Russian politicians hailed the deal as part of a new strategic relationship and a thumb in Washington’s eye. But Xi also appeared to be trying to reassure the United States and its Asian allies. In his speech to an audience that included Putin and the president of Iran, the Chinese leader said a military alliance that was offensive in posture rather than defensive would not help regional security.
Irked by the Obama administration’s effort to shift its foreign policy emphasis to Asia at a time of Chinese territorial disputes with Japan, Vietnam, and other neighbors, Beijing is nevertheless treading carefully because it knows it cannot dominate any international organization, experts say. Instead, it is pressing to have its needs respected abroad.
Chinese leaders place ‘‘top priority’’ on the relationship with the United States even as they worry Washington is trying to contain their country’s rise, said Joseph Cheng, a specialist in Chinese politics at the City University of Hong Kong.
At the same time as it strengthens ties with Russia, Beijing will ‘‘try its very best to maintain a cordial relationship with the US,’’ said Cheng.
China has been steadily raising its profile abroad since the late 1990s, emerging from decades when it followed the late supreme leader Deng Xiaoping’s injunction to maintain a low profile and focus on economic development.

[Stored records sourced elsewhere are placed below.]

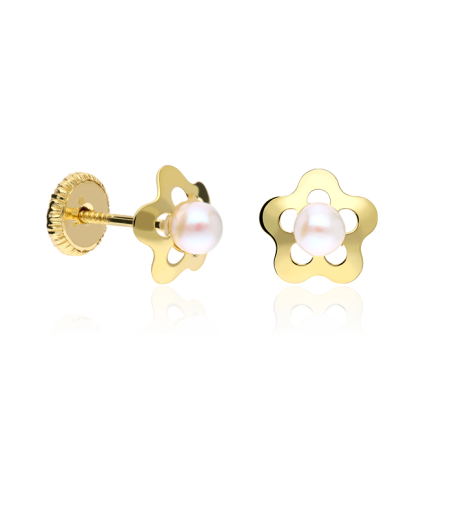 Pendientes de Oro de 18K en forma de flor con perlas cultivadas. Cierre de tuerca.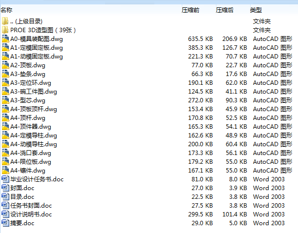 2、若题目上备注三维,则表示文件里包含三维源文件,由于三维组成零件数量较多,为保证预览截图的简洁性,本站将三维文件夹进行了打包。三维及CAD预览截图,均为本站电脑打开软件进行截图的,保证能够打开,下载原件超高清,下载后解压即可;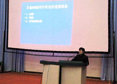 首先,劉登蕉主任從“大專生和中專生培養(yǎng)目標(biāo)的區(qū)別”、“中專生存在的主要問(wèn)題”、“大專生身心素質(zhì)的要求”及“如何成為一名合格的大學(xué)生”四個(gè)方面,對(duì)由中專升入大專的04級(jí)學(xué)生提出了新的要求和期望,旨在培養(yǎng)符合社會(huì)需要的合格的護(hù)理人才。接著,謝濤書記以“紀(jì)律教育”為主題,從04級(jí)目前的紀(jì)律狀況、大專生的違紀(jì)處罰情況、違紀(jì)與實(shí)習(xí)和畢業(yè)間的利害關(guān)系等幾方面闡述了作為一名在校大學(xué)生遵紀(jì)守規(guī)的重要性,以保障學(xué)生身心的健康發(fā)展,為成為一名合格的大學(xué)生,乃至一名合格的白衣天使打下堅(jiān)實(shí)的基礎(chǔ)。(護(hù)理系)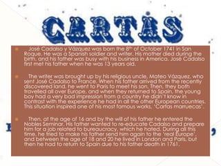 José Cadalso y Vázquez was a Spanish soldier and writer born in 1741. He was raised by his uncle after his mother died in childbirth and his father was away in America. Cadalso travelled extensively through Europe in his youth but disliked Spain upon returning. He wrote one of his most famous works, 'Cartas marruecas', based on this experience. Cadalso later joined the army against his wishes but found success as a writer in Madrid until criticism of civilians led to his temporary exile, where he wrote more poems. He is best remembered for his poem 'Noches lúgubres' written after the death of his love. Cadalso died during the siege of Gibraltar in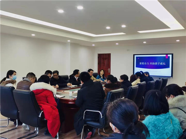 为积极发挥家委会沟通、服务、监督、参与、管理、协调的作用,密切家校联系,构建家校共育良好局面,1月20日下午,成都市树德实验中学(东区)在敏行楼会议室举行了“家校合力 共助孩子成长”期末校级家委会会议。学校党支部书记、校长吴振华,教学副校长杨大学,德育副校长郭杰,后勤服务中心主任王宇阳,德育主任肖臻臻以及全体校级家委会成员参加了会议,本次会议由德育主任肖臻臻主持。

‘‘The Chinese government has been calling for security cooperation based on communities rather than alliances, where third-parties are not targeted and there is a focus on respecting sovereignty and joint problem-solving,’’ said Marc Lanteigne, director of research at the New Zealand Contemporary China Research Centre of Victoria University of Wellington.
Xi invoked such ideals Wednesday when he called for a ‘‘new regional security cooperation architecture’’ that covers all of Asia based on a previously obscure group, the Conference on Interaction and Confidence Building Measures in Asia, founded in 1992 as a regional discussion forum.

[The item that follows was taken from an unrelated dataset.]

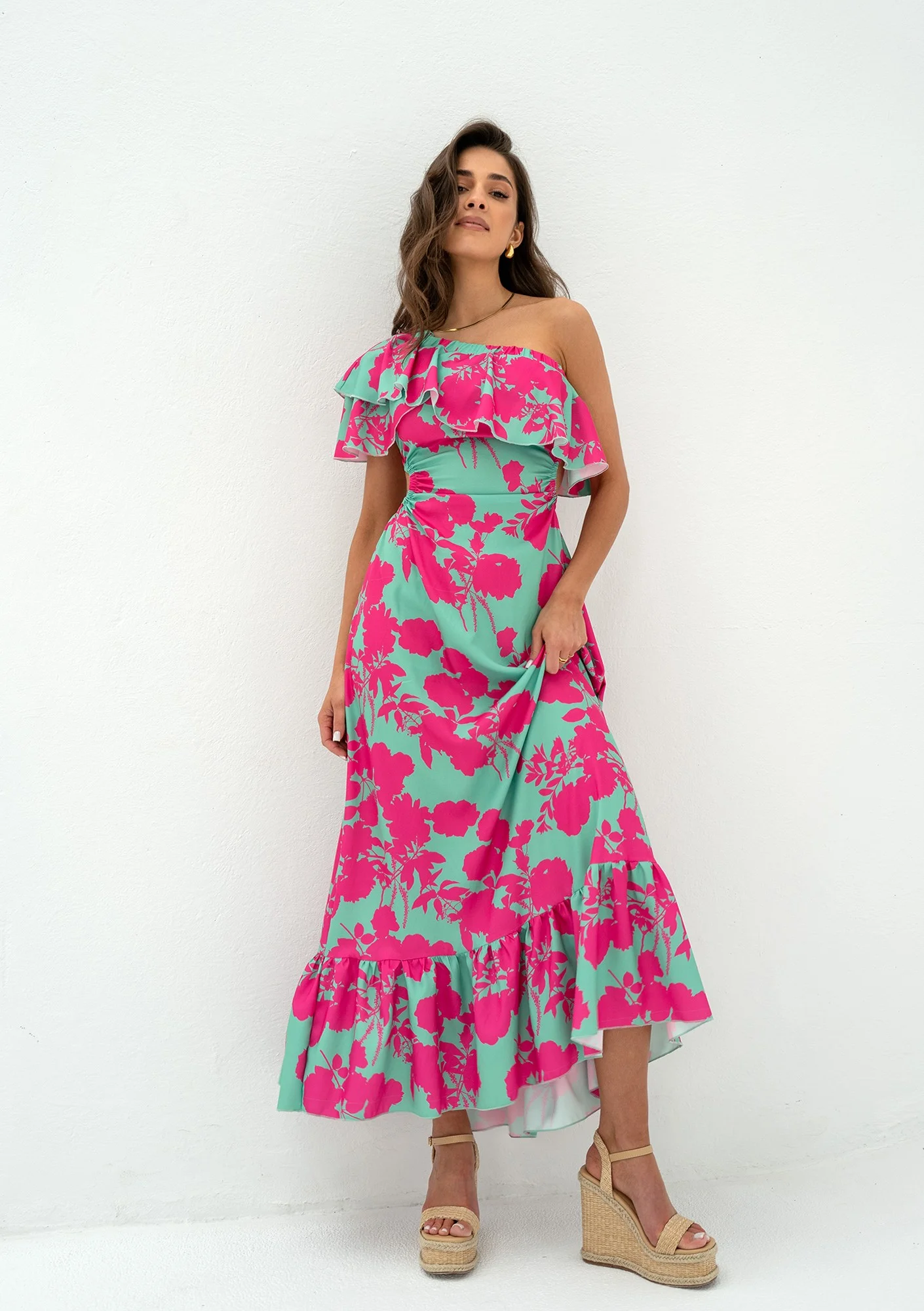Fason midi, rozkloszowany, z falbanką, na jedno ramię.

He called for a ‘‘defense consultation mechanism’’ and a ‘‘security response center’’ for major emergencies but gave no details.
Such organizations show countries such as China and Russia are ‘‘more eager to embrace multilateralism’’ than the United States, said Cheng.
In Southeast Asia, Beijing has displayed its growing diplomatic skill by playing on rivalries among the region’s governments to prevent them from siding with Vietnam in the conflict over a Chinese oil rig sent to disputed waters.
Related: Vietnam Initiates Violence Against China
China has not retaliated.
Chinese leaders have been trying to build up groups of Asian and developing governments to offset the influence of the United States and other Western nations in global affairs.
Still, forging any but the loosest ties between CICA’s 24 member nations would be a diplomatic challenge. They range from Iran to US allies such as Israel and South Korea. Others such as Mongolia and Vietnam are wary of growing Chinese influence.
Beijing and Moscow, once rivals for leadership of the communist movement, have built a strategic partnership since the end of the Soviet Union in the early 1990s, driven by their shared unease at US dominance.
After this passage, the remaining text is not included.